You know, as a programmer, I get really tired of people suggesting ways to program computers “without doing any coding”. That’s where BAD things come from. That’s where “dynamically hiding menu items” come from, so you never know where things are. That’s where “visual programming” comes from, so you’re staring at a screen full of boxes and lines with little to no organizational structure.

No. If you’re gonna program a computer, learn how to program. The CS field as a whole apologizes for the fact that computers are hard. They are complex machines. Unfortunately it is not always easy to get them to work they way they should, or the way you want them to. But that’s life. If you’re not willing to learn how to program, you should be willing to learn how to use what other people have programmed, or learn how to write specs and make intelligent suggestions to the community.
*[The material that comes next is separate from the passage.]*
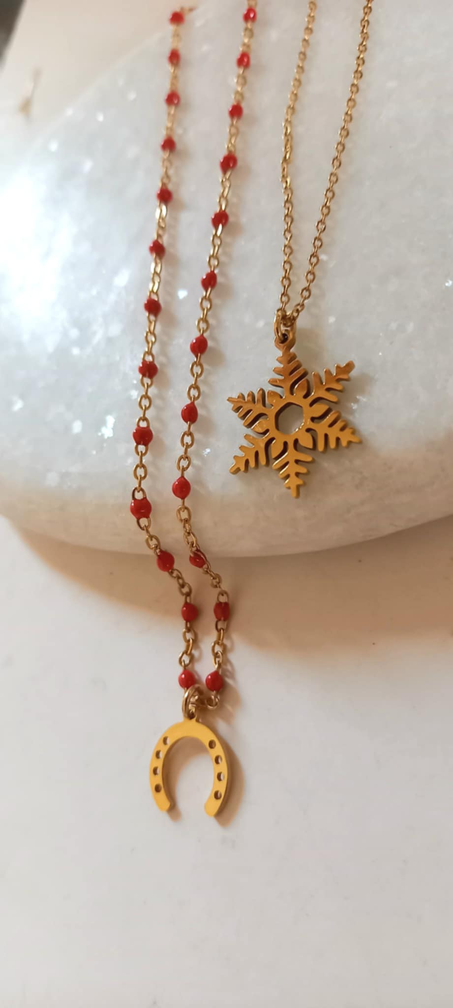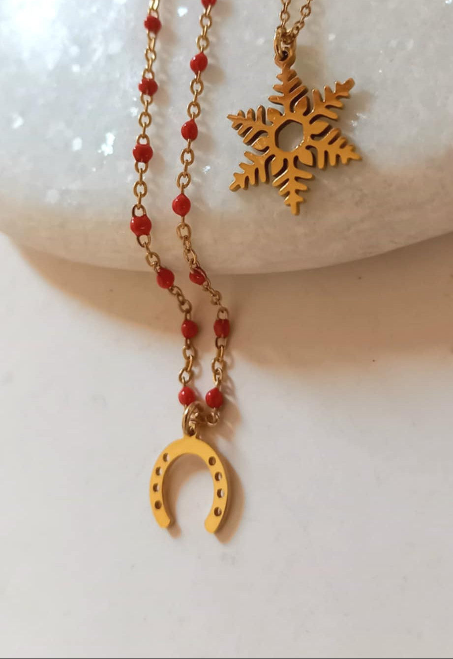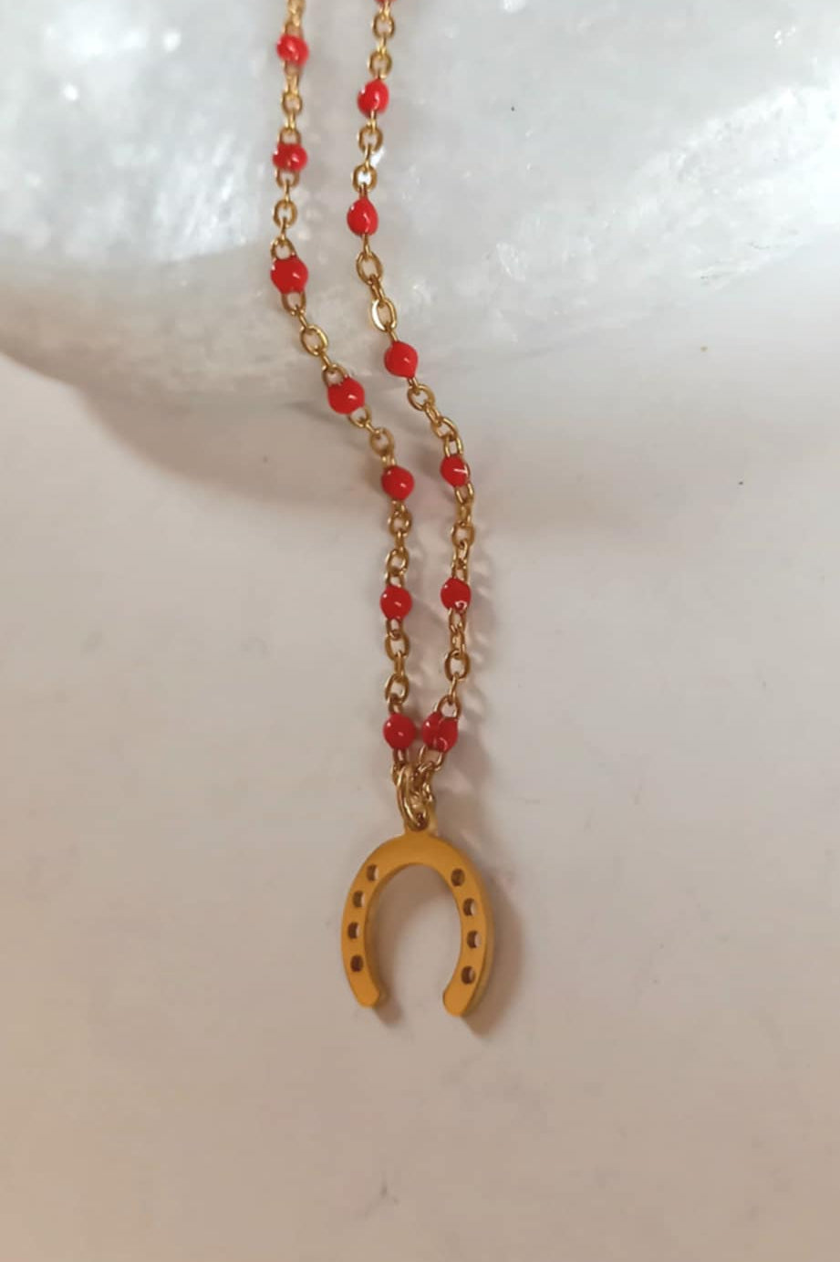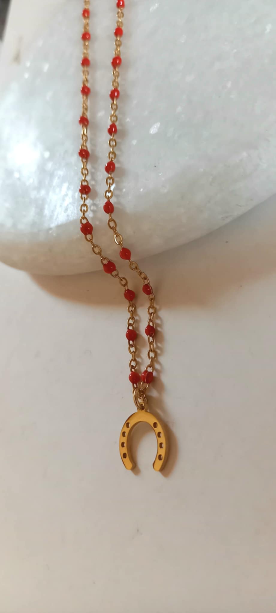 Κολιέ ατσάλινο ροζάριο με σμάλτο σε φωτεινό κόκκινο χρώμα με μοτίφ πέταλο από ατσάλι.

But this bullshit about “intelligently adapting the OS to a user’s needs” is just asking for trouble. It’s asking for “programming” without actually asking for any “design” or “specifications”. It will end up being crap.

The fact is, making something “user friendly” means making the front-end more simple — and thus making the back-end more complicated. But this complexity always eventually compounds and compounds until the end user can’t understand what’s happening and gets confused. In the end, we learn that computers are easier to use if you understand the back-end, and that can only happen if you use a minimum of metaphor. That is– a straight-forward system that is obvious and transparent.